The Midnight Phone Call
There is a profound difference between the threats listed neatly in a corporate risk register and the actual problems that wake an operations director at three in the morning. Most massive projects fail because leaders accept a baseline they should challenge. Muriel Demarcus knows this reality intimately. She spent three decades delivering billion-dollar infrastructure before realizing the real threat was not the engineering. The threat was the silence before the failure.
The Engineer Who Found the Blind Spot
Muriel Demarcus is the CEO of Marsham Edge. She spent thirty years directing commercial and major projects for organizations like Sydney Metro and London Underground. Today, she builds artificial intelligence systems that detect critical infrastructure failures before the control room even knows a crisis is brewing.
Decades Spent Building Systems That Cannot Fail
Her understanding of risk did not come from a textbook. It came from the trenches of high-stakes public transport and energy delivery. She learned early on that large, consequential projects demand absolute precision. A system that mostly works is actually a system waiting to break.
Her technical foundation started with Fortran punch cards and an applied mathematics degree from Ecole Centrale de Paris. But her real education happened on the ground. During her tenure as Principal at London Underground, she faced a massive operational challenge. She brought maintenance and upgrades back in-house through intense contract renegotiations over a seven-year cycle.
This move dramatically improved service quality and helped secure a massive £323 million adjudication win. The experience sharpened her ability to spot structural flaws in massive contracts. Later, she took on the role of Commercial Director for Sydney Metro. She advanced the delivery of driverless train technology for Australia’s largest public transport project.
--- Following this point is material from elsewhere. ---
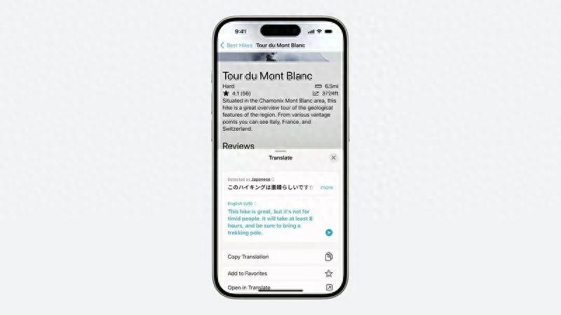 蘋(píng)果公司目前已經(jīng)在 Safari 等瀏覽器中提供了系統(tǒng)級(jí)翻譯功能,而本次推出新的 API,便于其它 App 快速實(shí)現(xiàn)翻譯,例如用戶(hù)和某位外國(guó)友人聊天,那么 App 可以調(diào)用 API 快速翻譯為中文。

Managing a $1.6 billion package required her to look past surface-level reporting. She had to find the hidden integration risks that could derail the entire timeline. This relentless questioning of the baseline reached its peak at Transgrid. As Major Projects Director, she led a massive renewable energy zone program.
The original scope assumed expensive greenfield easements. She challenged that fundamental assumption. By redesigning the delivery around the existing network, she generated approximately $1.5 billion in savings across contract values. This bold move also accelerated the schedule by two full years.
“Most programs solve the wrong problem because the original brief remains an unexamined black box,” she says. Her ability to open that box defined her corporate career. Now, she applies that exact scrutiny to machine learning.
Training Algorithms on the Physics of Failure
Today, Muriel Demarcus leads Marsham Edge. Her company builds anomaly detection systems for critical infrastructure and energy markets. They do not build theoretical models. They build systems that operate in production to stop disasters.
Her team recently tested their technology on a national grid blackout scenario. The model flagged the cascade precisely 75 seconds before over a million homes lost power. That brief window is the difference between a managed shutdown and a catastrophic failure.
But she knows that a technical warning means nothing without the right operational structure. The best algorithm in the world cannot save a grid if the human operator does not trust the alert.
“A 75-second window is only valuable if it reaches someone with the authority and protocol to act,” she explains. A raw probability score on a dashboard is useless in a crisis. Her systems deliver plain-language briefings that explain the physics of the impending event.
Beyond grid blackouts, her team tackles battery safety and predictive maintenance. They audit battery management system data using machine learning classification. This process flags thermal runaway risks in lithium-ion systems long before a fire starts. They also forecast energy demand and predict prices for massive consumers. Every product they build is rooted in the physical realities of heavy industry.
She built this pragmatic approach after watching countless technology deployments fail. She noticed a pattern in how executives reviewed progress. She refused to accept status reports that only showed the good news.
“Percentage-complete is a vanity metric if the remaining 20 percent contains the entirety of the integration risk,” she notes. She pushed accountability down to the data originators. She made it structurally safe for her teams to surface bad news early.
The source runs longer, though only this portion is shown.